Great Society captures a dramatic contest with lessons both dark and bright for our own time.Īmity Shlaes chairs the board of the Calvin Coolidge Presidential Foundation, a national foundation based in the birthplace of President Coolidge, and a Presidential Scholar at The King’s College. Drawing on her classic economic expertise and deep historical knowledge, Shlaes upends the traditional narrative of the era, providing a damning indictment of the consequences of thoughtless idealism with striking relevance for today. Great Society casts new light on other figures too, from Ronald Reagan, then governor of California, to the socialist Michael Harrington and the protest movement leader Tom Hayden.

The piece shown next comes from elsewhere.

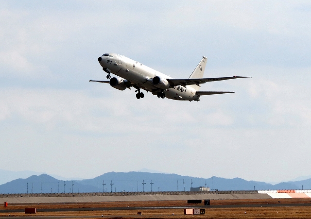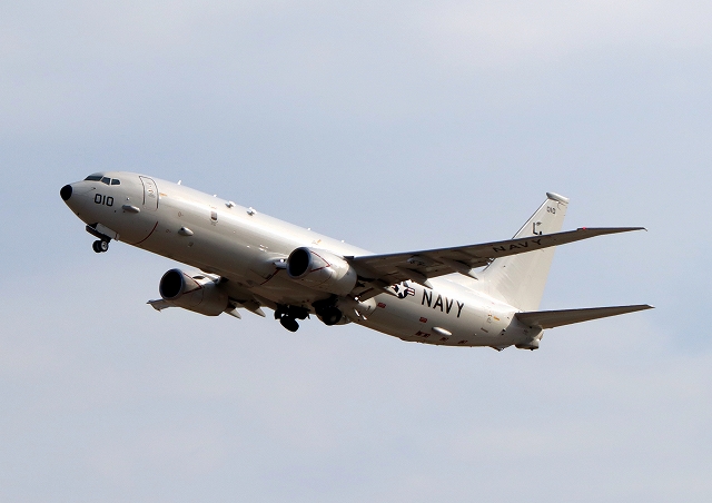米海軍 P-8A 海上哨戒機 ポセイドン(嘉手納基地、三沢基地)、LA、010番機が離陸 |

the forgotten man by amity shlaes

Presidents to the visionary UAW leader Walter Reuther, the founders of Intel, and Federal Reserve chairmen William McChesney Martin and Arthur Burns. At once history and biography, Great Society sketches moving portraits of the characters in this transformative period, from U.S. Just as technocratic military planning by “the Best and the Brightest” made failure in Vietnam inevitable, so planning by a team of the domestic best and brightest guaranteed fiasco at home. In Great Society, Shlaes offers a powerful companion to her legendary history of the 1930s, The Forgotten Man, and shows that in fact there was scant difference between two presidents we consider opposites: Johnson and Nixon. Ironically, Shlaes argues, the costs of entitlement commitments made a half century ago preclude the very reforms that Americans will need in coming decades. What’s more, Johnson’s and Nixon’s programs shackled millions of families in permanent government dependence. Yet the targets of our idealism proved elusive. Kennedy, Lyndon Johnson, or Richard Nixon, the country chose the public sector. Then, too, we debated socialism and capitalism, public sector reform versus private sector advancement. In the 1960s, Americans sought the same goals many seek now: an end to poverty, higher standards of living for the middle class, a better environment and more access to health care and education.

the forgotten man by amity shlaes the forgotten man by amity shlaes

Many Americans are attracted to socialism and economic redistribution while opponents of those ideas argue for purer capitalism. Guelzo, Senior Research Scholar in the Council of the Humanities  Director of the Initiative on Politics and Statesmanship, James Madison Program, Princeton UniversityĪ conversation on Great Society: A New History by Amity Shlaes (HarperCollins, 2019). Amity Shlaes, Chairman, Calvin Coolidge Presidential Foundation, with Allen C.